OMOP Odyssey - No Code CDM Exploration with Databricks AI/BI Genie (Island of Aeolus)

No Code Text to SQL w/ Databricks Genie and InterSystems OMOP

There are quite a few tools in the OHDSI universe to help you write extremely powerful queries to surface your insights, Atlas, Achiles, DQD, ShinyApp, OMOPSketch and notably SQLRender that helps translate between dialects, of which IRIS dialect is now supported... its a tiresome list and very incomplete.  But in my perusal of such tools to learn this community I did not find one that translates natural language so to speak to sql so I took Databricks AI/BI Genie for a spin and here is a subset of the initial results.

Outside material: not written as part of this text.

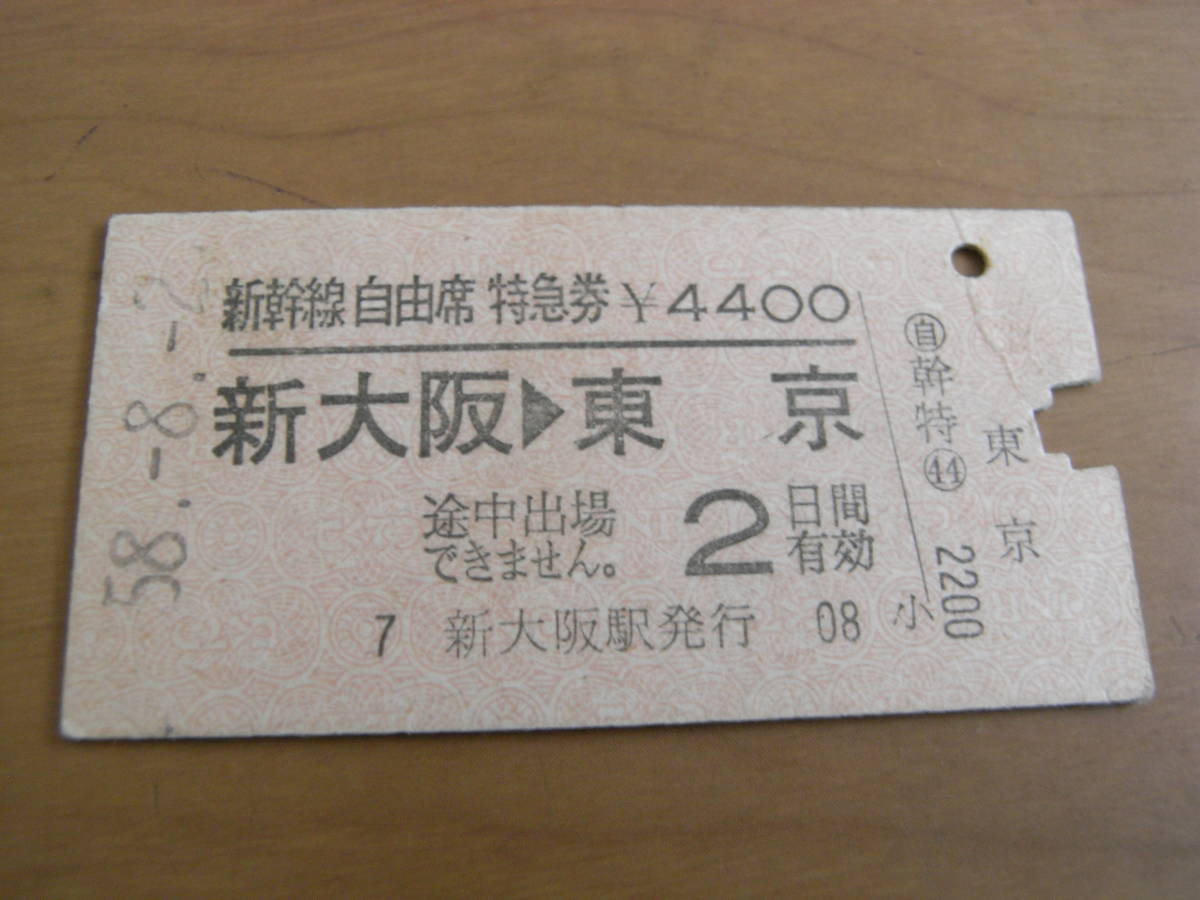 - 新幹線自由席特急券 新大阪→東京 昭和58年8月2日 新大阪駅発行

Databricks Workspace Setup

My compute cluster is dead simple, with the InterSystems JDBC Drivers included via a volume and attached.  I am on the lag wagon here a bit with the versions, but 3.7.1 did the trick here without issue.

Secondly, you'll need an init script to run on your cluster on start, I had this in a previous post in a couple of places, but here is a direct link to import_cloudsql_certfiicate.sh again.  Basically you paste the certificate from the InterSystems OMOP Portal, and mount the script on the volume and set it to run on startup like below.  On startup we should have the environment to connect to the database security.

 

OMOP to Catalog ELT

Table to Table Extract Load Transform was done via a notebook, on the population in the InterSystems OMOP CDM we loaded up previous, the pipeline takes about an hour to run, but admittedly I am pretty cheap and used Personal Compute to get the job done.  The drug_exposure table seemed to take the longest, and note the workaround in the notebook for the reserved word collision `DOMAIN` 👣🔫.  This rips the OMOP Database schema OMOPCDM54 into a catalog schema named the same.

 
If the screenshots are getting in the way, I included the python in the below teaser.

 
OMOP Genie - InterSystems OMOP ELT.py

Most likely an unneeded visual, but Ill include it anyway.



Databricks Genie AI/BI

Does not seem that I needed to be an expert to get started with my first Genie, all and all it seemed "point and prompt", with facilities to help assert things, learn with additional queries, provide some sample questions and tell the Genie how to behave...

Make a Wish

Not sure if that is where the marketing was going with Genie AI/BI but Ill abuse it to tee up our first question, which is pretty simple to start.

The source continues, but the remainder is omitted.